The winter consist is usually pretty short, and I would not worry too much about being far away from the Park Car, so if you can get a discounted fare, go for it!

BTW, the new Prestige Service won't be running in the winter, and that is now another plus for winter trips.

PS: And yeah... where is my ticket!


----------



## rrdude (Sep 1, 2015)

After the Canadian, I think the EB will be the only "Downside"


----------



## HenryK (Sep 2, 2015)

I'm taking the advice to go west to east and ride the Builder first. (Flying back to Chicago from Toronto is unavoidable.) Also there will be an overnight in a Seattle hotel and one in Toronto. Many thanks to all.


----------



## Kat314159 (Sep 2, 2015)

You could take VIA Toronto to Windsor, take the tunnel bus to Detroit and then Wolverine back from there but that's an extra day of travel to avoid maybe an hour flight?


----------



## Bob Dylan (Sep 2, 2015)

Excellent plan Henry!

The Canadian is sure to be late into Toronto, and after almost a week on the train, a layover in Toronto will be welcome.
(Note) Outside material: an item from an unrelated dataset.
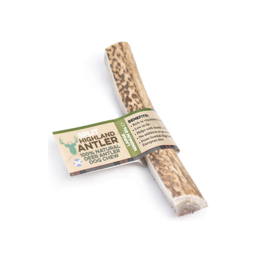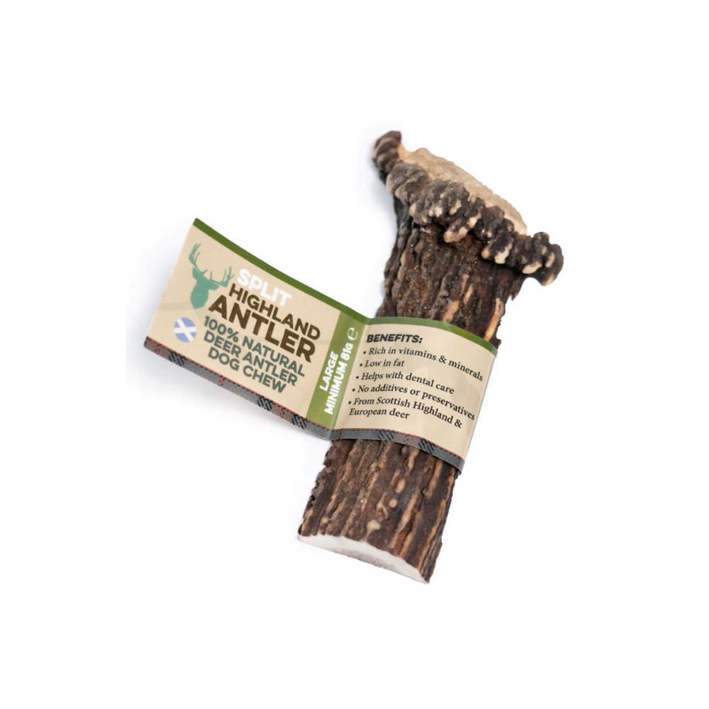 Split, μασώμενα κέρατα ελαφιού, ανοιγμένα με εκτεθειμένο το μεδούλι για μεγαλύτερη ευκολία στη μάσηση, που συλλέγονται με φυσικό τρόπο από κοπάδια ορεινών περιοχών της Σκωτίας, τώρα διαθέσιμα και ως λιχουδιά μακράς διαρκείας, κατάλληλη για σκυλάκια μεγαλόσωμων φυλών. Πρόκειται για ένα φυσικό προϊόν, cruelty free, αφού τα κέρατα μαζεύονται από το έδαφος, ενώ πρώτα έχουν αποβληθεί με φυσικό τρόπο από το άγριο ελάφι, διαδικασία που λαμβάνει χώρα σε συγκεκριμένη εποχή, μια φορά το χρόνο. Τα Nova Dog Highland Antler Chews περισυλλέγονται και επεξεργάζονται φυσικά - χωρίς χημικά, καθαρίζονται και κόβονται σε διάφορα μεγέθη και βάρη και ταυτόχρονα λειαίνονται όλα τα αιχμηρά τους σημεία, ώστε να είναι ασφαλή προς κατανάλωση από τους μικρούς μας φίλους. Είναι άοσμα, χωρίς πρόσθετα, χωρίς συντηρητικά και δεν λερώνουν !!!

I'd take the Cascades ( early am)to Vancouver from SEA as opposed to the later bus.

This gives y'all a day to ride the Sky Train ( Senior Day Pass),sight see, and have Lunch and Dinner in a very foody city! The friendly VIA agent @ Pacific Central Station will keep your luggage for free.


----------



## Devil's Advocate (Sep 2, 2015)

jimhudson said:


> The friendly VIA agent @ Pacific Central Station will keep your luggage for free.


Yeah, but what if you want it back again? :lol:


----------



## zephyr17 (Sep 2, 2015)

The Davy Crockett said:


> Good point about Toronto. When #2 is really late, #1 can be really late departing Toronto. For example, due to a late arriving #2, this past Saturday's #1 left Toronto at 12:45 Sunday morning and didn't get to Washago until 5:37 in the morning! There are times when I've seen #1 delayed 24 hours when things get really late.
> 
> The winter consist is usually pretty short, and I would not worry too much about being far away from the Park Car, so if you can get a discounted fare, go for it!
> 
> ...


I was checking VIA's website planning for another possible trip this March for myself, and the Prestige accomodations are in inventory. When I read this, March could be considered "shoulder" so I checked January just for the heck of it, and there are Prestige accomodations in inventory then, too. Maybe it's that they aren't running the Prestige Chateau in the winter, but they are still running the Prestige Park car and are selling the acommodations in that.


----------



## The Davy Crockett (Sep 2, 2015)

zephyr17,

This is news to me, as I remember that there was controversy over the fact that just plain ol' sleeping car passengers are getting booted from the Park Car from time to time so that the (I'll type this with a snotty, nose in the air attitude  ) "_PRESTIGE CLASS" _ have time in the Park Car without those of us in _'the unwashed masses_.' My understanding was that this would not be the case in winter, but I guess that was only last winter, as on reading your post I called VIA and was told that "_PRESTIGE CLASS_" hboy: is running all winter and with Chateau cars. 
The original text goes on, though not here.